SA to ‘name, shame corrupt officials’


    25 February 2013

    The South African government plans to publish the names and details of those officials convicted of corruption in pamphlets, newspapers and radio advertisements, says Justice and Constitutional Development Minister Jeff Radebe.

    Radebe was speaking during a media briefing by the government’s justice, crime prevention and security cluster in Pretoria on Sunday.

    Radebe said freezing orders and forfeitures, which were also public knowledge, would also be published.

    “We want to ensure that the public is conscious about what has happened, because sometimes when people talk about corruption, when we say ’32 people have been convicted’, it’s just a number. But if you can attach a number to actual persons, you will understand that this fight against corruption, we do it in a very meaningful way.”

    Anti-corruption task team shows results

    Radebe said that since the setting up of the anti-corruption task team in 2010, 237 people had been arrested. Of these, 32 people had been convicted and two acquitted, while the cases of the remaining 203 accused were still before court.

    The criminal assets of 59 persons to the value of R816-million had been frozen, with nearly R78-million in assets already forfeited and returned to the state, he said.
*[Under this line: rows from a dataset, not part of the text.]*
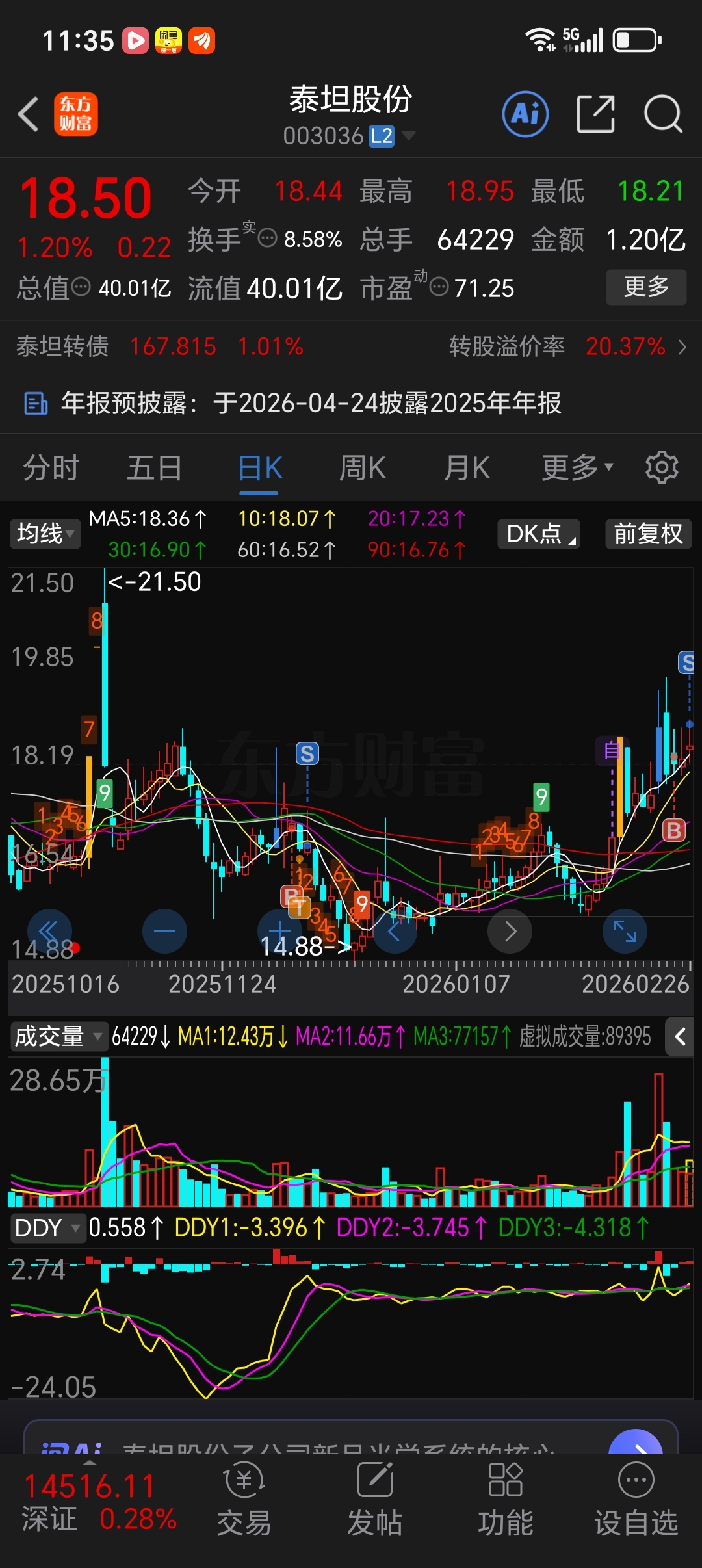 $泰坦股份(SZ003036)$ 昨天早上没卖后悔,今天还不卖掉,下午再接回来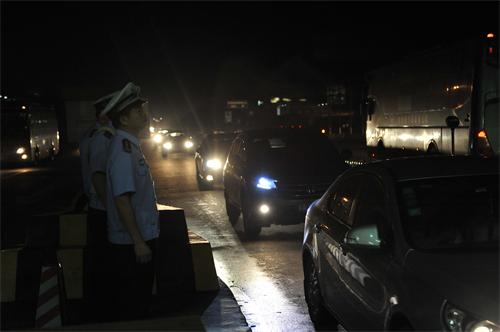 10月1日凌晨,梧州交警支队支队长唐剑锋、副支队长何家森亲临桂东收费站一线指挥调控过往车辆,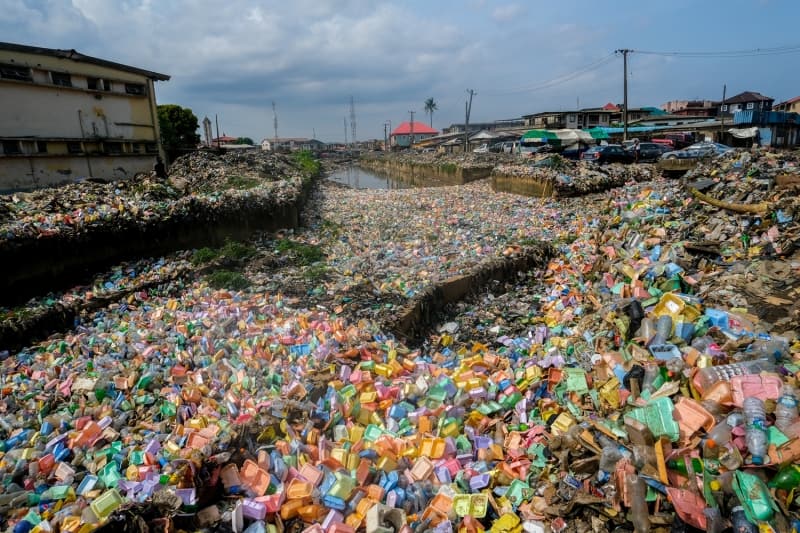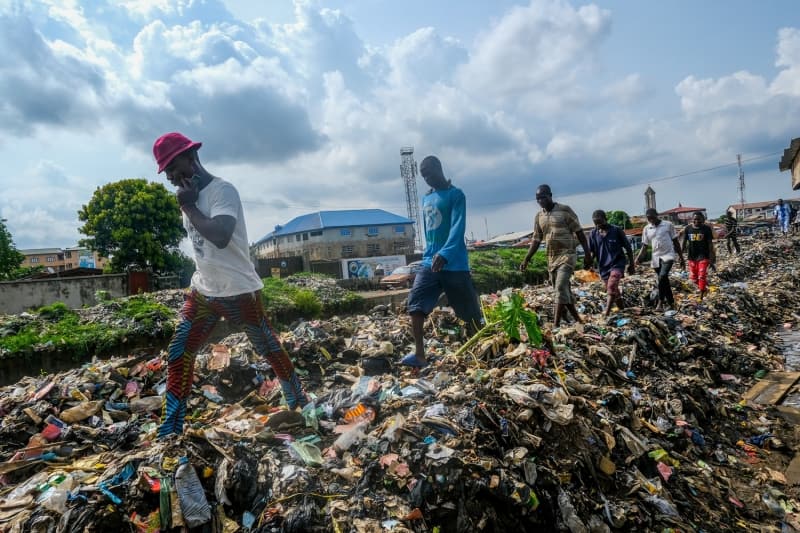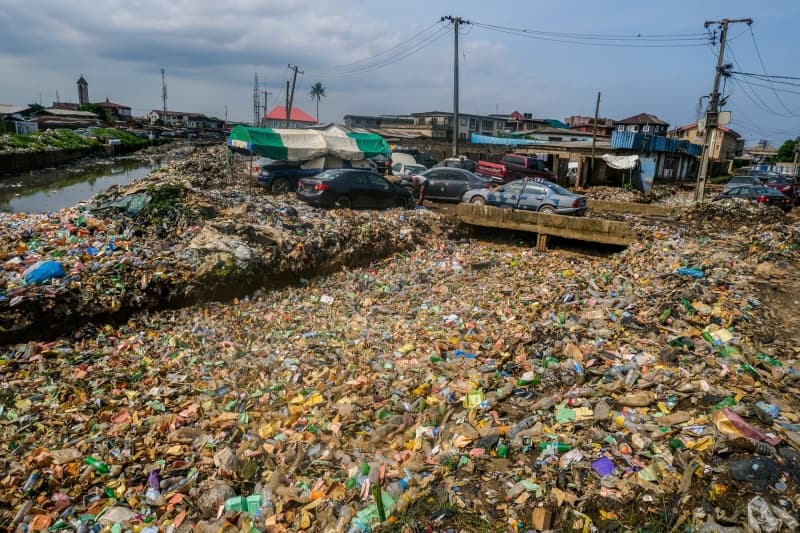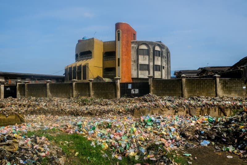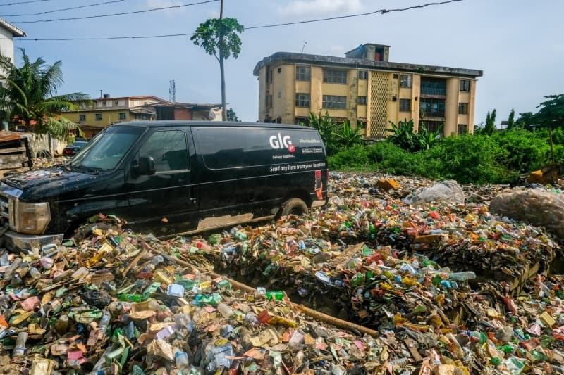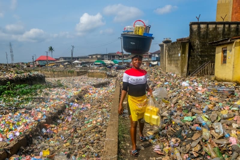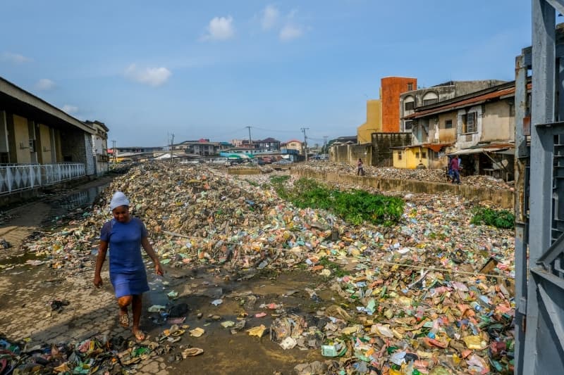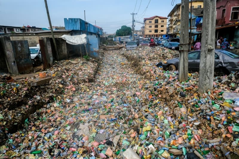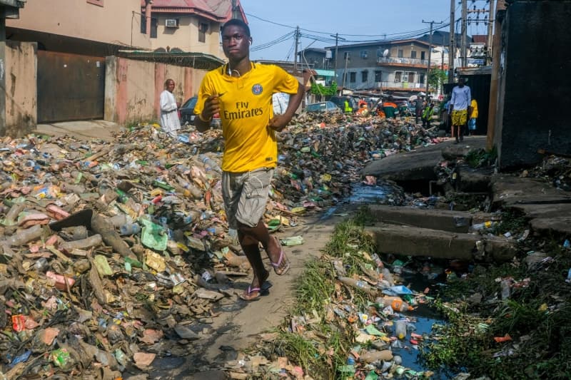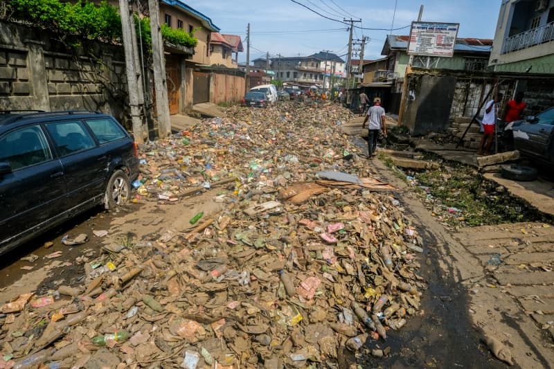 Nigerya'nın Lagos kentinde etkili olan şiddetli yağış, Idi Oro bölgesindeki atıkların sokaklara sürüklenmesine neden oldu.

    The task team had also recovered three farms valued at a total of R59-million which were lost through corruption. Another five farms worth a collective R74-million had been frozen and would be recovered soon.
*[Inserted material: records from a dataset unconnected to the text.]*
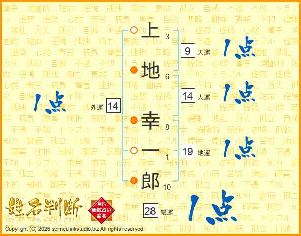 上(3画)地(6画) 幸(8画)一(1画)郎(10画)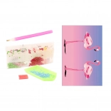 Tela autoadesiva stampata, pietrine (mix di colori), applicatore (penna), cuscinetto di cera, vassoio di smistamento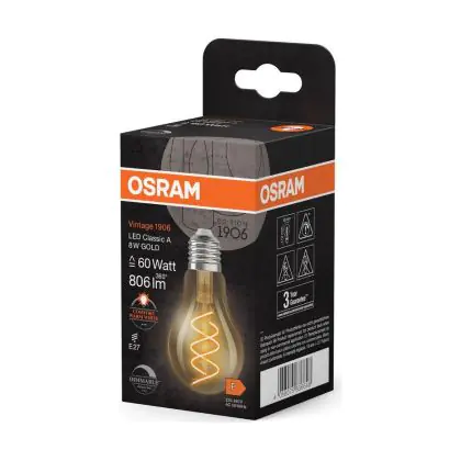 Cette ampoule Osram Vintage 1906 LED Classic E27 Poire Filament Dorée 8W 806lm - 922 | Meilleur Rendu De Couleur - Dimmable - Remplacement 60W avec son efficacité lumineuse de lumen par watt vous permettra de profiter d’un éclairage de qualité. Avec sa durée de vie de 15000 heures, vous n’aurez pas à vous soucier de son remplacement avant quelques années.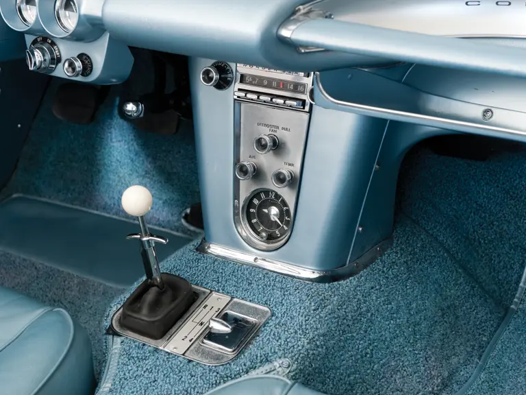 La voiture que nous proposons est équipé du V-8 de 270 ch avec l'option de transmission la plus désirable : une boîte quatre rapports. Elle est dotée aussi d'un autoradio Wonderbar et d'un hard-top amovible, ce qui permet une utilisation tout au long de l'année. Contrairement à de nombreuses Corvette de cette époque, qui arborent des teintes voyantes, celle-ci présente un beau Horizon Blue avec moulures blanches et une sellerie turquoise léger. Sous le capot, le moteur est frappé du numéro 105903, ce qui correspond à la pratique Chevrolet, commencée en 1960, de choisir pour le moteur un numéro correspondant aux six derniers chiffres du numéro de châssis de la voiture.

    Radebe said good progress had been made with the national government’s intervention in Limpopo, and that the task team was investigating 39 criminal cases involving fraud and corruption – including those involving 29 persons and four companies.

    He said 87 people were alleged to have benefited to the value of more than R5-million from corrupt activities, and freezing orders had been obtained against 32 people.
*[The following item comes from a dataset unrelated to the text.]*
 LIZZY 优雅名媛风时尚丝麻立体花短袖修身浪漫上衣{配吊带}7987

    Radebe said the use of freezing orders was an important weapon to prevent those involved in corruption from benefiting from their ill-gotten gains while their cases were being finalised.

    Tackling cyber crime

    The government is also stepping up measures to address cyber-attacks. Radebe said an announcement would be made soon on the implementation of the National Cybersecurity Policy Framework.

    He said that, since last year up to December, 113 cases of cybercrime had been finalised – with 83% of these cases resulting in a conviction.

    A total of 40 investigators at the Directorate of Priority Crime Investigation unit have been trained in detecting cybercrime, and at the end of the third quarter last year 60% of identified cyber threats had been addressed.

    Electronic tags for parolees

    Radebe said the Department of Correctional Service’s pilot project involving the use of electronic tags on those out on parole – which commenced in February last year – had been a success.

    The department is now looking into extending the use of electronic tags to other categories of offenders, including those serving custodial sentences.

    He added that from 1 April, it would be compulsory for every inmate who was without a qualification equivalent to Grade 9 to complete a training course equivalent to an Adult Education and Training (AET) course of between level one and four.

    The training is part of a drive by the government to rehabilitate inmates and equip them with skills so that they can have a better chance of returning successfully into society after being released.

    Electronic case management system

    Radebe said applicants would soon be able to lodge cases electronically, while prosecutors and defence lawyers would be able to receive real-time updates on cases, with the expected rolling out of an electronic case management system this year.

    The department aims to roll out the integrated solution at more than 20 sites by the end of this year and to a further 100 sites by the end of next year, the minister said.

    The system was integrated with police systems earlier this month to provide instant messaging and case details to process clerks.

    Once it is fully up and running, the system will allow electronic charge sheets to be lodged and cases to be enrolled electronically, which will automatically create an electronic court roll at the Department of Justice.

    Radebe said the backlog of cases had been brought down from 34 926 or 17.4% of all cases as at the end of March last year, to 29 604 or 16.2% of all cases by the end of December.

    Turning to violence against women and children, Radebe said that since the re- establishment of Family Violence Child Protection and Sexual Offences unit in 2010, 695 life imprisonment sentences had been handed down, while prison sentences totaling over 36 000 years had been handed down.

    Across the country the unit now has 176 offices attached to police clusters, he said.

    Forensic social workers had been appointed who would assist the police with investigating crimes against children and provide expert evidence court.

    Radebe urged community members to come forward and report crimes of violence against women and children.